A White House official told The Daily Beast Wednesday’s meeting was “very positive,” while CBC Chairwoman Marcia Fudge said Jarrett had “assuaged” members’ concerns over what they see as a lack of diversity in some states. Rep. Eleanor Holmes Norton (D-DC) called it “a candid exchange.”

“During the meeting, we reiterated what we have always said—our focus has never been on the administration alone,” Holmes Norton said, adding that she is holding Republicans senators “equally responsible if African Americans the administration desires cannot be nominated or are nominated by the administration and are then unfairly held up with use of the blue-slip system.”

But some CBC members who attended a later meeting with Jarrett said they remained unsatisfied. “I asked her specifically that they should be [withdrawn]. She just didn’t say anything,” Georgia Rep. David Scott told The Hill about his conversation with Jarrett. “Do you think George Bush would have been able to do this, or any white president would have been able to do this? No.”

When The Hill ran that the story on its front page Thursday morning with the headline, “Feud escalates between Obama, black lawmakers” (which hit the Drudge Report hours later), a furious Rep. Fudge fired off an unusually aggressive statement ripping The Hill for what she called “dishonest and misleading” coverage and insisting that no feud exists.

Fudge’s pushback followed a series of recent White House efforts to defend the president’s record on judicial nominees and a softening the caucus’s criticism of him, including canceling a CBC press conference originally planned to press the president on his nominations.

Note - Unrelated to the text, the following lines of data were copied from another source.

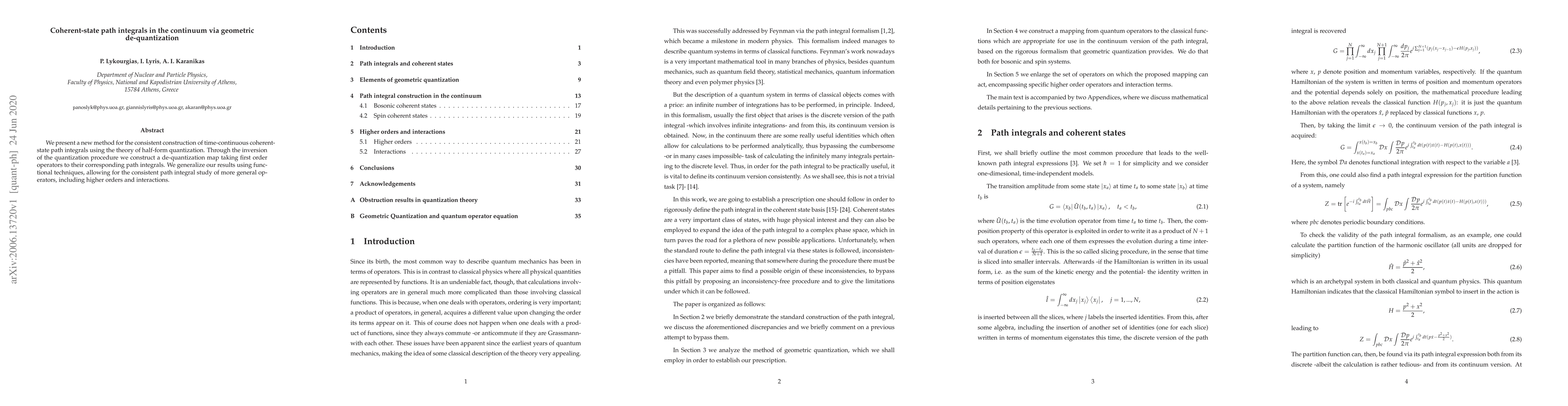 This paper introduces a novel method for constructing continuous-time coherent-state path integrals using geometric de-quantization and half-form quantization, and generalizes the approach to study a broader range of operators and interactions.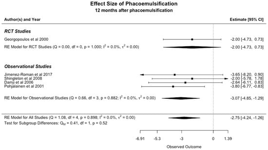 The analysis of the included studies revealed that the average IOP decreased by 2.75 mmHg (95% CI: −4.24 to −1.26) 12 months following phacoemulsification (Figure 4). The observed I2 value is zero, which indicates that there is no significant statistical heterogeneity.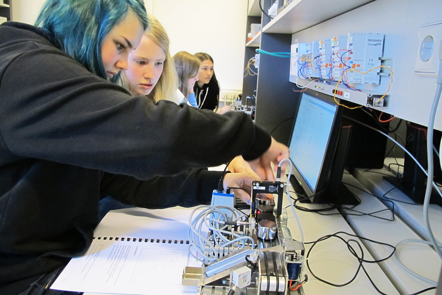 Acht Schülerinnen befassen sich am Studienort Gütersloh mit Automatisierungstechnik.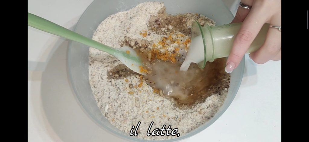 Add a bit of orange zest, oil, liqueur, plant-based milk, and mix all the ingredients well. Brush with oil or margarine the mold and flour it.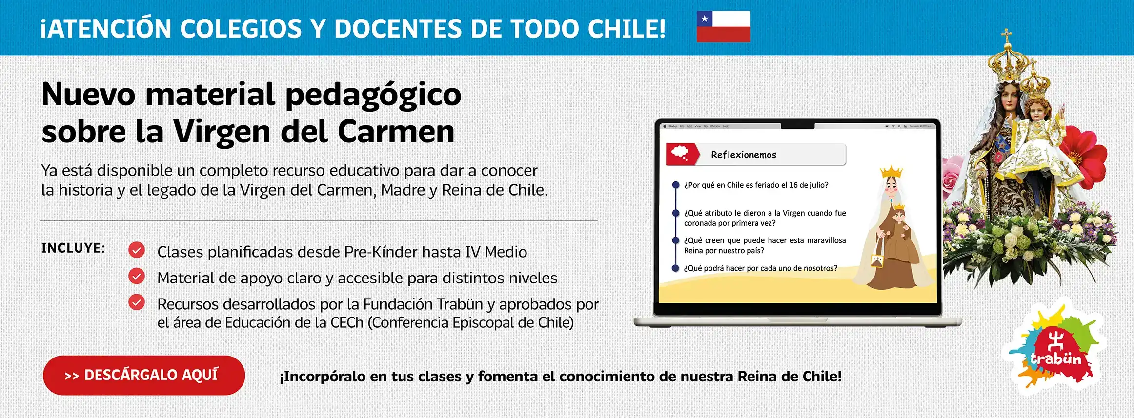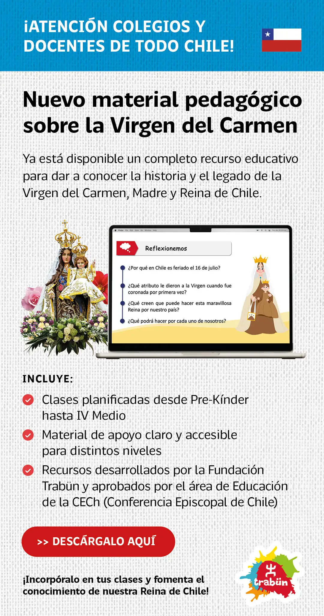 La Santísima Virgen del Carmen es invocada en nuestra Patria como Reina y Madre de Chile, Patrona y Generala Jurada de las Fuerzas Armadas y de Orden.
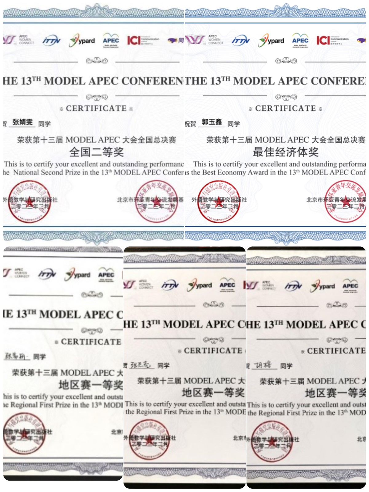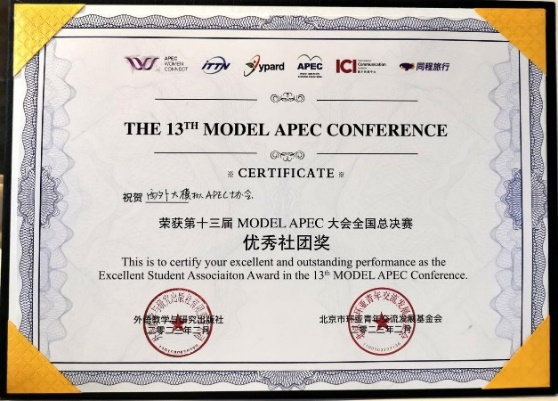 经过前期XISU MODEL APEC初赛、复赛、决赛层层选拔,最终我校共选派6名学生参加全国总决赛,并取得优异的成绩。其中,英文学院2020级张婧雯凭借充分准备和出色发挥斩获“全国二等奖”;英文学院2019级郭玉鑫荣获“最佳经济体奖”;英文学院2019级张家丽、2020级张杰亮、2020级胡榕、高级翻译学院2019级潘娅婷荣获新设奖项“地区赛一等奖”。我校荣获“优秀组织高校奖”,西外大模拟APEC协会荣获“优秀社团奖”。

Earlier in the week, the White House also launched a new section of its website to highlight the diversity of Obama’s judicial nominees. On Wednesday, President Obama announced five new federal nominees, including two women, a Latino, and Darrin Gayles, a Florida state judge who would be the first openly gay, black federal judge in the country if he were to be confirmed.

But the biggest test for the president will be the two vacancies on the federal bench in Alabama, where one of the 14 judgeships is held by a black jurist and CBC members have told the president that history has presented him with a “unique opportunity” to craft a federal judiciary that reflects the state’s diverse population. According to Senate tradition, Alabama’s two Republican senators will have to agree to any Obama nominee for the positions.